WORK INSTRUCTION » Return all of the data that follows precisely, leaving every image out.

SUPPLIED INFORMATION »

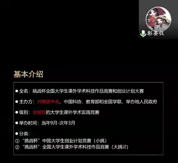 彭晏仪根据个人比赛经历,介绍了“挑战杯”全国大学生课外学术科技作品竞赛,并结合比赛各环节提出了自己的建议。她鼓励同学们积极将想法付诸实践,在挫折面前相信自己,勇于进行一步步的探索。同时她表示,创新源于灵感,成于行动。问答环节,同学们就如何调整心态、协调专业学习与竞赛时间等方面提出疑问,彭晏仪一一解答,呈现了一期精彩的讲堂。
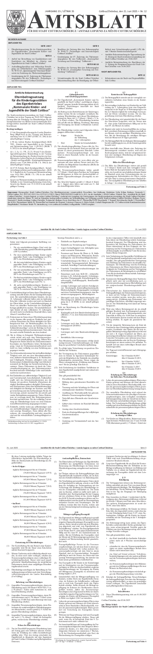- Amtliche Bekanntmachung der Tagesordnung der 12. Sitzung der Stadtverordnetenversammlung der Stadt Cottbus/Chóśebuz am 25.06.2025
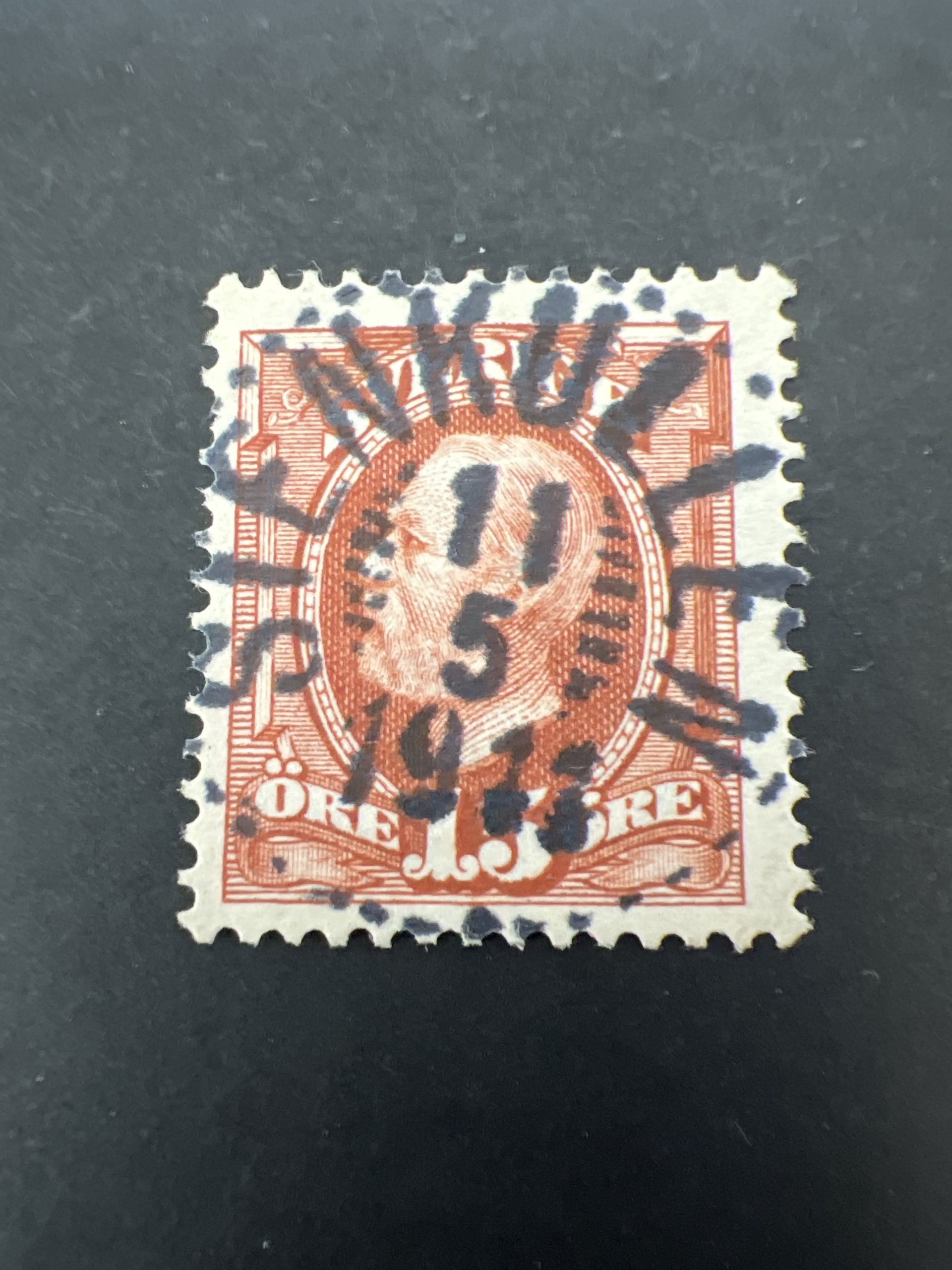 Sweden. Facit 55, P county. STENKULLEN 11-5-1911. Superb–excellent cancellation, however, one short perf. on the left. Postal: 800:-
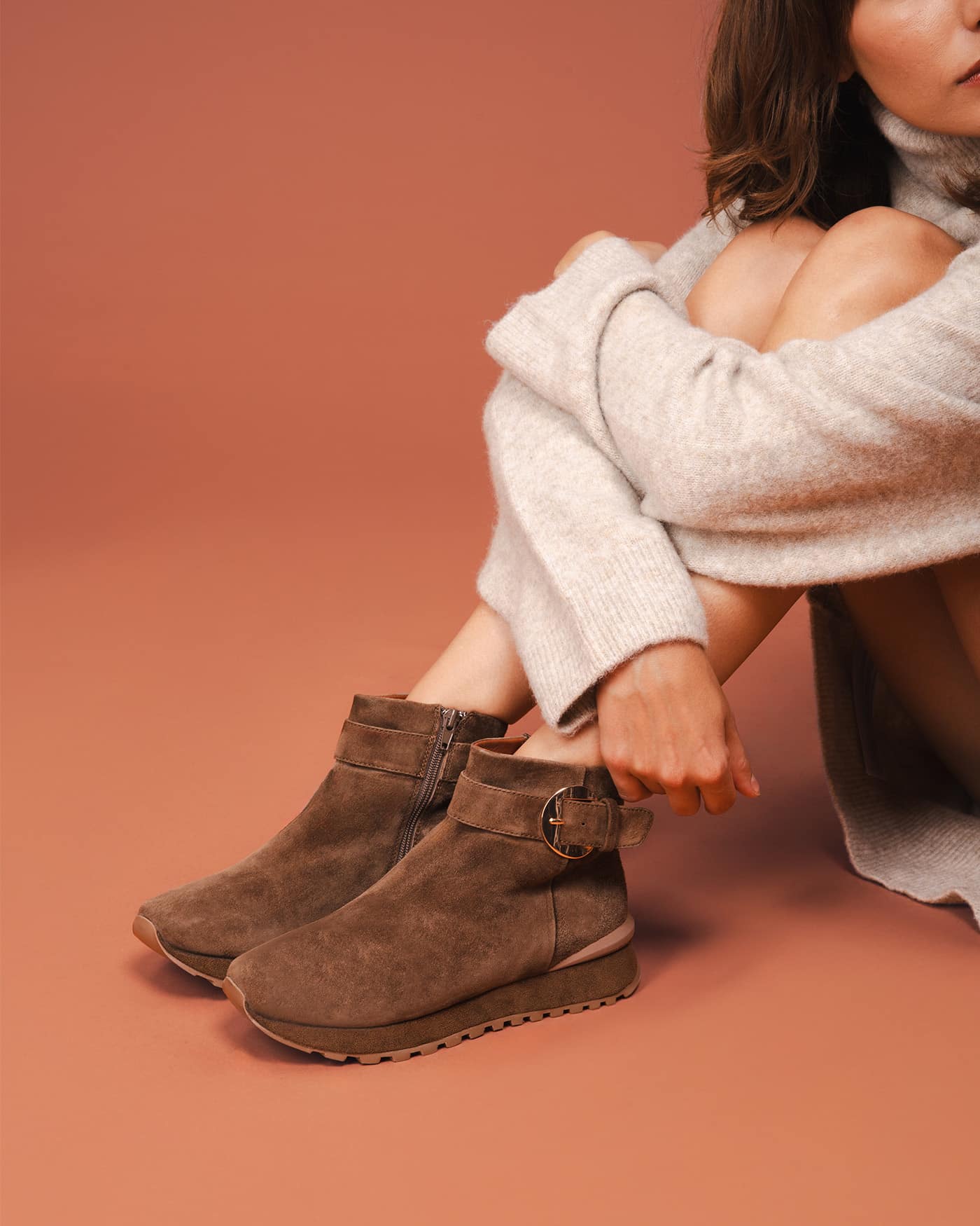 Alliant confort et modernité, la bottine sport Yes est une pièce maîtresse pour la femme active en quête d’élégance au quotidien. Conçue en daim noix souple, elle enveloppe délicatement le pied tout en offrant une belle liberté de mouvement. Sa semelle compensée assure un excellent maintien, idéale pour vos journées rythmées tout en conservant une allure féminine.

SOLUTION »
 彭晏仪根据个人比赛经历,介绍了“挑战杯”全国大学生课外学术科技作品竞赛,并结合比赛各环节提出了自己的建议。她鼓励同学们积极将想法付诸实践,在挫折面前相信自己,勇于进行一步步的探索。同时她表示,创新源于灵感,成于行动。问答环节,同学们就如何调整心态、协调专业学习与竞赛时间等方面提出疑问,彭晏仪一一解答,呈现了一期精彩的讲堂。
- Amtliche Bekanntmachung der Tagesordnung der 12. Sitzung der Stadtverordnetenversammlung der Stadt Cottbus/Chóśebuz am 25.06.2025
 Sweden. Facit 55, P county. STENKULLEN 11-5-1911. Superb–excellent cancellation, however, one short perf. on the left. Postal: 800:-
 Alliant confort et modernité, la bottine sport Yes est une pièce maîtresse pour la femme active en quête d’élégance au quotidien. Conçue en daim noix souple, elle enveloppe délicatement le pied tout en offrant une belle liberté de mouvement. Sa semelle compensée assure un excellent maintien, idéale pour vos journées rythmées tout en conservant une allure féminine.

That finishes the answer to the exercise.